This builds a local Chroma index. In production, you would probably ingest from Backstage, GitHub, CI, Terraform state, docs, and incident tooling on a schedule. But do not start there. Start with one source, learn what answer quality looks like, then add sources intentionally.

Build The Query Chain

Older LangChain examples often use RetrievalQA. That pattern still appears in plenty of tutorials, but the current direction is to compose retrieval and generation more explicitly. That is good. You want the prompt, retriever, and answer behavior to be visible.

Create app/query.py:

from langchain.chains.combine_documents import create_stuff_documents_chain
from langchain.chains.retrieval import create_retrieval_chain
from langchain_chroma import Chroma
from langchain_core.prompts import ChatPromptTemplate
from langchain_openai import ChatOpenAI, OpenAIEmbeddings

from app.settings import settings


SYSTEM_PROMPT = """
You are an internal developer metadata assistant.
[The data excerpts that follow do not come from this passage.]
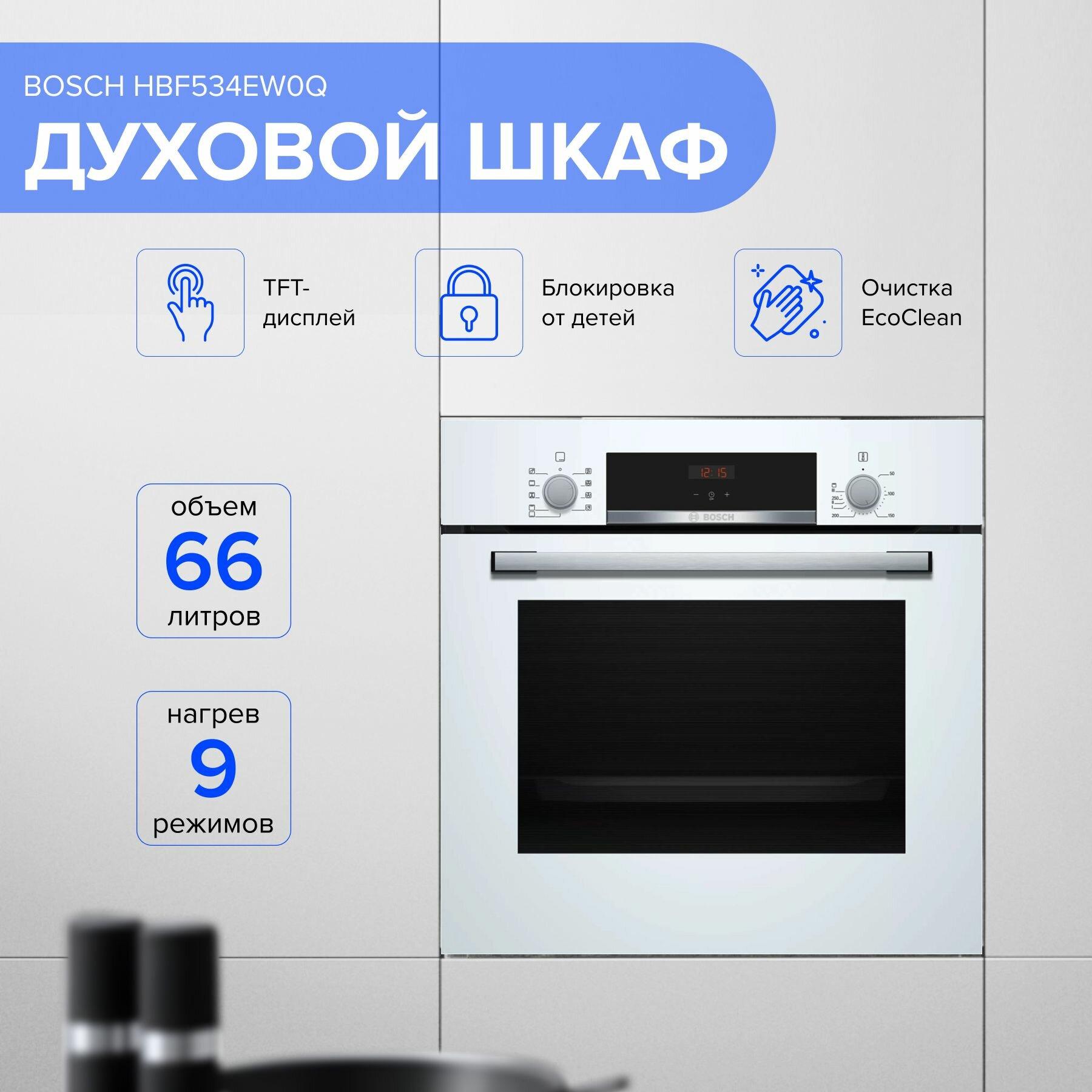Ниже Вы можете прочитать отзывы на Электрический духовой шкаф Bosch HBF534EW0Q с объемом 66 литров с конвекцией, грилем и каталитической очисткой, белый, ознакомится с подробными характеристиками, посмотреть интересные обзоры и фотографии на Электрический духовой шкаф Bosch HBF534EW0Q с объемом 66 литров с конвекцией, грилем и каталитической очисткой, белый.
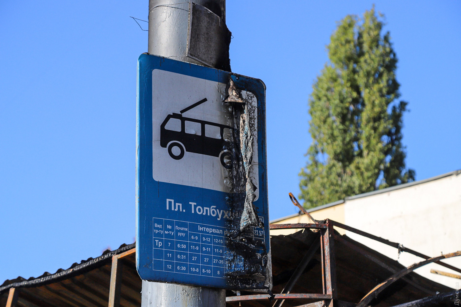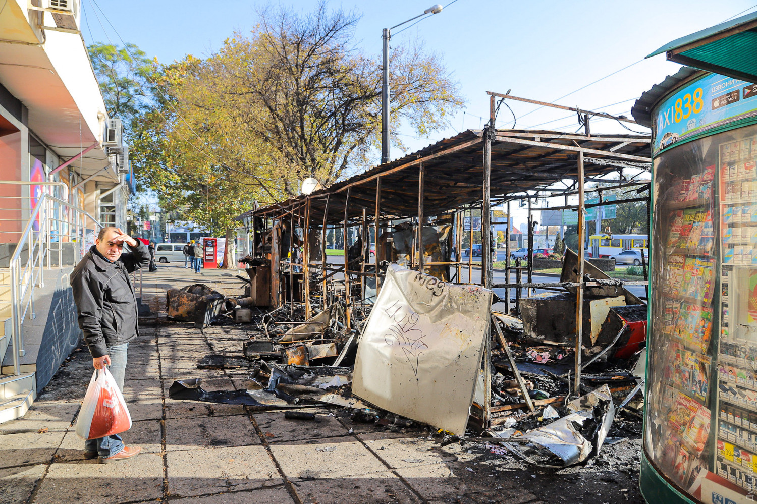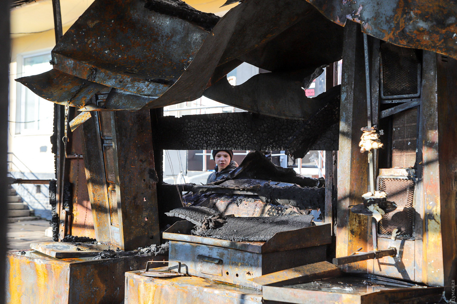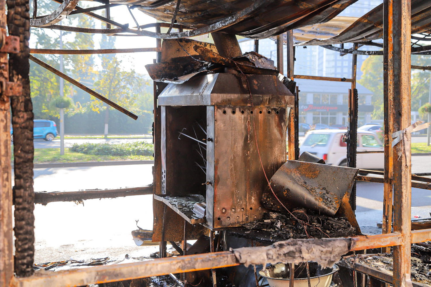 Как сообщает ГСЧС в Одесской области, в тушении пожара принимали участие 10 спасателей и две единицы спецтехники. Причины возгорания устанавливаются. Как сообщает наш корреспондент, побывавший утром на месте пожарища, огонь полностью уничтожил два павильона — шаурму и неработавшее «лото», а также повредил расположенный почти впритык газетный киоск. Кроме того, от пламени повреждены стекла и вывеска магазина на первом этаже расположенного за остановкой здания.
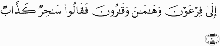 To Pharaoh, Haman and Qarun; but they said, "[He is] a magician and a liar."
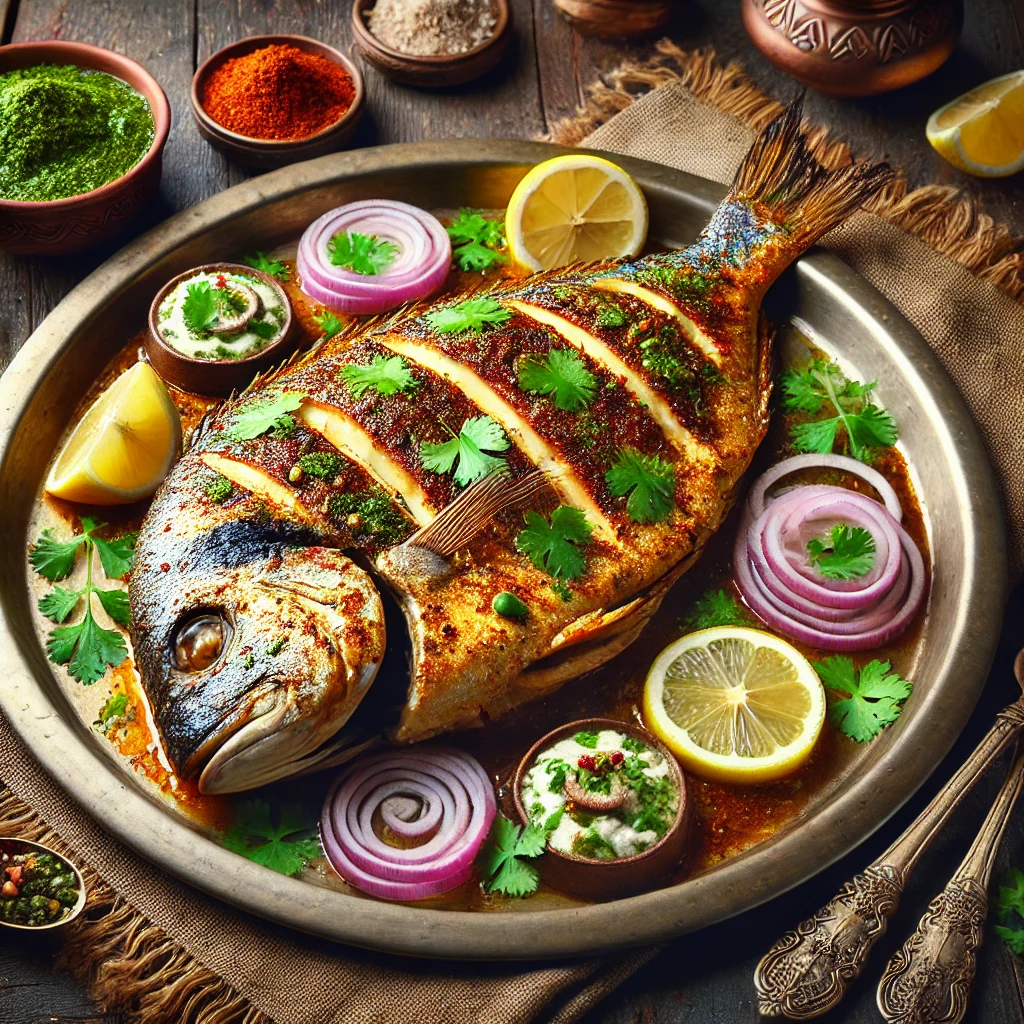 Fresh pomfret is marinated in a blend of aromatic spices and slow-cooked in a tandoor to perfection. The result is a smoky, flavorful dish with a tender, juicy texture in every bite.

Answer only from the retrieved context. If the context does not contain the
answer, say that you do not know and suggest the next system to check.

Return:
- answer: concise direct answer
- sources: service names, docs URLs, repos, or infra paths used
- confidence: high, medium, or low

Do not invent owners, on-call rotations, deployment times, repositories, or
infrastructure paths.

Context:
{context}
"""


def build_chain():
    embeddings = OpenAIEmbeddings(model=settings.embedding_model)
    vector_store = Chroma(
        collection_name=settings.collection_name,
        persist_directory=str(settings.persist_directory),
        embedding_function=embeddings,
    )

    retriever = vector_store.as_retriever(search_kwargs={"k": 4})

    prompt = ChatPromptTemplate.from_messages(
        [
            ("system", SYSTEM_PROMPT),
            ("human", "{input}"),
        ]
    )

    llm = ChatOpenAI(model=settings.chat_model, temperature=0)
    document_chain = create_stuff_documents_chain(llm, prompt)
    return create_retrieval_chain(retriever, document_chain)


def ask(question: str) -> dict:
    chain = build_chain()
    result = chain.invoke({"input": question})
    return {
        "question": question,
        "answer": result["answer"],
        "context_count": len(result.get("context", [])),
        "sources": [
            document.metadata for document in result.get("context", [])
        ],
    }

The prompt does a few important things:

  • It tells the model to answer only from retrieved context.
  • It makes uncertainty acceptable.
  • It asks for sources.
  • It forbids invented operational facts.

That will not eliminate hallucinations, but it makes the desired behavior explicit and reviewable. This is the same basic discipline behind writing secure prompts for developer workflows: scope the task, constrain the output, and make failure modes visible.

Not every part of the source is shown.